Everything about being a music fan in 2020 was very different. You would not expect a Buckery show to be a place where people would take their lives to listen to “Crazy Pitch” at a Supersperter festival. Hell, “Super Spreader” sounds like it should be the name of a buck song, doesn’t it? But the Sturgis motorcycle rally in South Dakota in August was basically a nutrition-viral benefit concert designed to counter the notion that there is any kind of public-health emergency in which a few bands you might have thought would perform better: Smash Mouth (yes, what a comment) , Lit, 38 Special, Quiet Riot, Night Ranger. It may seem ridiculous to catch you saying “I was disappointed in Bakery’s moral choices”, but it was that kind of year (and I ride hard into Bakheri’s anti-Iraq war era). Smash Mouth, before this was the 2015 Colorado kick, where the singer shouted to the crowd to stop throwing bread crumbs, “Now we’re all together tonight, we’re human again. That cow dung!”
Unfortunately, by the fall, South Dakota was completely wiped out by viral infections, which led the country in cases and individual deaths. By November, there were more Govt deaths in South Dakota than in South Korea. Your brain is smart, but your head is dumb.
I got reminders of 2020 shows where I grabbed tickets that never happened: the ticket master sent me the worst email subject line of all time: “Stephen Malkmus has been canceled.” Dave Kroll, always a Mens, spent a video drum battle with a 10-year-old girl across the country – and, as he proudly admits – lost. Miley Cyrus sang in Pink Floyd’s “Wish You Were Here” SNL – Very perfect for her voice, perfect for now. Paul McCartney called it “Rock Down”, a dairy way to put it, but he spent his idle time on the farm, creating a spontaneous album that would not have happened otherwise as Taylor Swift did. Artists have abandoned home recordings that sit on hard drives.

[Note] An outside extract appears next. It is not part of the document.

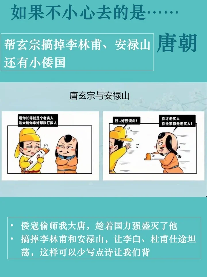 ✅去唐朝的话,搞掉李林甫,让我爱的李白,杜甫仕途坦荡,少写点诗让我们背,顺道掐S安禄山。

Audiences had to fill the void to share the experience of those ceremonial fans from the Versus battles to Bondcamp Fridays. Manchester’s Charlotte’s UK rock star Tim Burgess made his Twitter listening feasts, which turned out to be a surprising therapeutic method for music fans all over the world to listen together, with live-tweets along with the artists. Rock stars, long lost, or isolated, or simply seemingly forgotten, came out of the woods – like members of the New Order, who had not spoken for years, squeezing each other on Twitter. They all knew that this was the biggest audience they would receive throughout the year.
From the Summer Black Lives Matter Rise to the November Victory Celebrations when Joe Biden and Kamala Harris toppled Trump, dancing in the streets was part of the musical cultural uprising. Within an hour of being invited to Pennsylvania, I was in a Brooklyn park in the sunshine on a Saturday afternoon, stuck in the middle of a spontaneous dance party (everyone wore a mask, no one talked about it). A psychedelic jam trio is playing, the first live band I’ve heard in eight months. DJ He exploded the “YMCA”, the keynote of the disco anthems of the 1970s, and the song that Trump bizarrely stated as the theme of his personal campaign-rally. DJ “” Seventeen Edge. “It all felt weird, with a lot of fear and a little bit of hope. In other words, pop dreams are always created – and a moment to go into 2021.